If the argument is that same-sex couples are denied the rights that straight couples have, then my proposal addresses this. What I’m now hearing is an argument that the “rights” in question extend to the use of a particular word in describing the union. I don’t believe that’s so. In weighing the harm done by denying the actual, substantive rights to same-sex couples, I agree that a change is in order. In weighing the harm done by affording them the substantive rights but denying the use of the word ‘marriage,’ I’m not remotely convinced of the grave injustice.

Moreover, there is a practical side to the idea of civil unions, but not ‘marriage,’ for same-sex couples: it is far more likely to be enacted into law. If you’re going to get behind an initiative, mine is the one to champion; insistence on “marriage,” in name as well as form, is unlikely to succeed any time soon, if polls are to be believed.

And if your ultimate goal remains the use of ‘marriage’ for all couples, my proposal is STILL the one to support as an interim step.

  • Rick

You know, lissener, it really doesn’t matter, ultimately. Zamboni’s argument is that gays can currently get some legal protections and that’s all that’s necessary. He has already admitted to holding gays to a different standard and an unwillingness to provide them with the same level of recognition of their relationships.

There are something along the lines of 60 legal documents required for a gay couple to attempt to secure the full compendium of rights that are automatically attached to heterosexuals automatically via the signed marriage license. Obtaining those documents requires a considerably higher level of effort and cost than are involved in obtaining a marriage license, and even doing so does not guarantee that the protections that they seek will always be honored.

And when they are questioned or countered, the appeal to tradition most certainly works against them. If a parent, for instance, went to court to fight for guardianship of their incapacitated adult child, the biological relationship would certainly be argued to have more weight than the relationship which prompted that adult child to draw up a document indicating their wish that their same-sex partner be granted guardianship in such a situation.

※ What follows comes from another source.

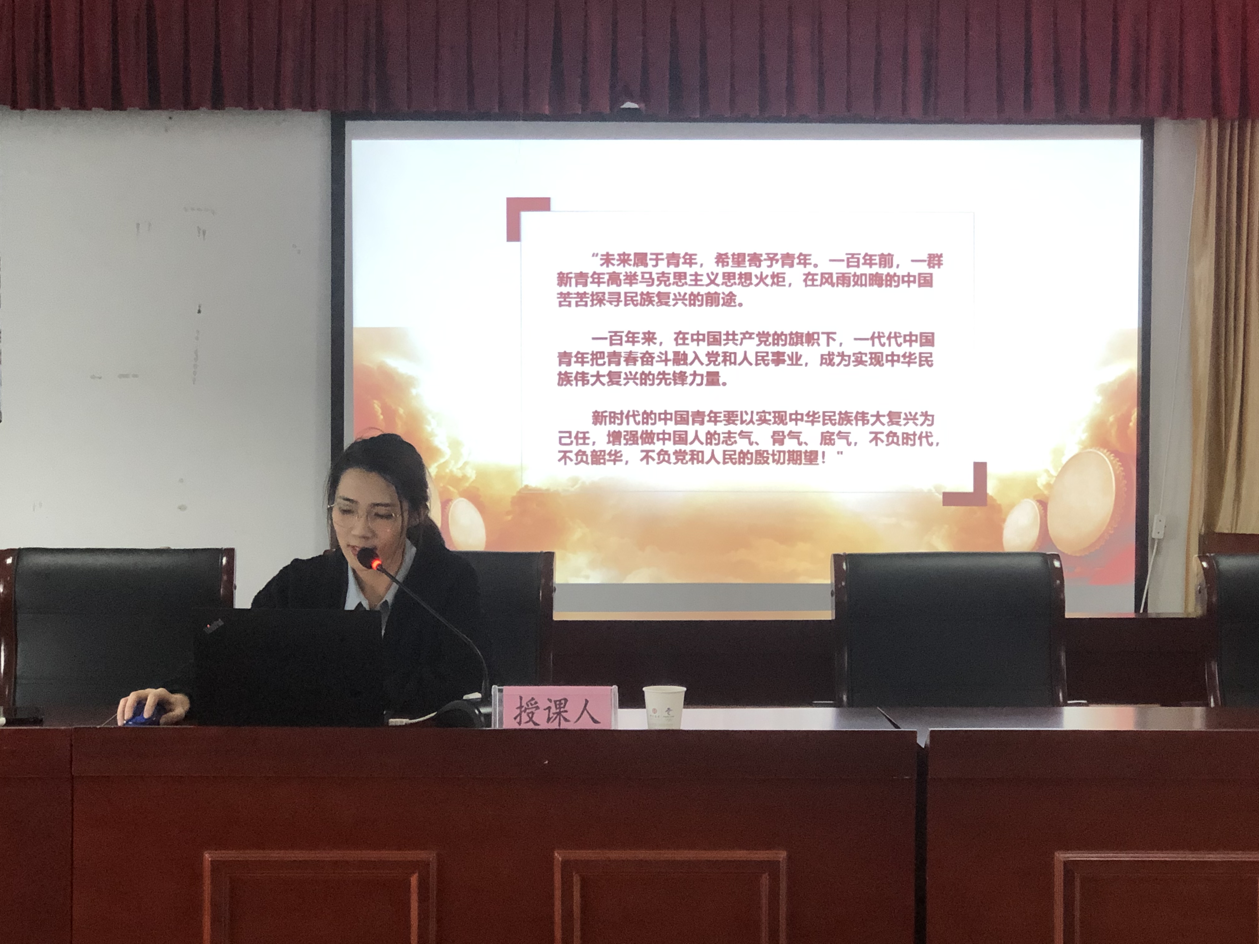 本次宣講以“百年恰是風(fēng)華正茂”為主題,圍繞習(xí)近平總書(shū)記在慶祝中國(guó)共產(chǎn)黨成立100周年大會(huì)上,對(duì)青年一代的充分肯定、殷切勉勵(lì)、深情寄語(yǔ),從“不負(fù)時(shí)代,初心不改擔(dān)使命;不負(fù)韶華,心有所信方行遠(yuǎn);不負(fù)黨和人民的殷切期望,奮斗不止譜新篇”三個(gè)方面進(jìn)行深刻闡述。宣講會(huì)上,王迪通過(guò)視頻追尋革命先輩的光輝足跡。百年崢嶸歲月,眾多先輩不求顯達(dá)于世、不求暫得于己,不惜為了理想信念拋頭顱、灑熱血,用青春和生命書(shū)寫(xiě)史詩(shī)。革命先輩們的事跡激勵(lì)我們,生逢盛世,作為新時(shí)代青年一代,要勇?lián)鷼v史使命,堅(jiān)定前進(jìn)信心,努力成為堪當(dāng)民族復(fù)興重任的時(shí)代新人!

An argument between a woman’s parents and her husband would never be predicated on the “their relationship is lesser” ideal inherent with a non-binding, patched together, paperwork protection scheme that a couple was forced to cobble together because society deemed them unfit to be granted the single piece of paper which would put an unquestionable imprimatur of officiality on their relationship.

Saying that this is okay by you, especially on spurious financial grounds, is a statement borne out of a presumption of inferiority of gays and their unions. There are no two ways about that.

Well, that’s certainly the impression zamboni’s evasions suggest; I was offering him an opportunity to clarify. His refusal to do so smells like a forfeit to me.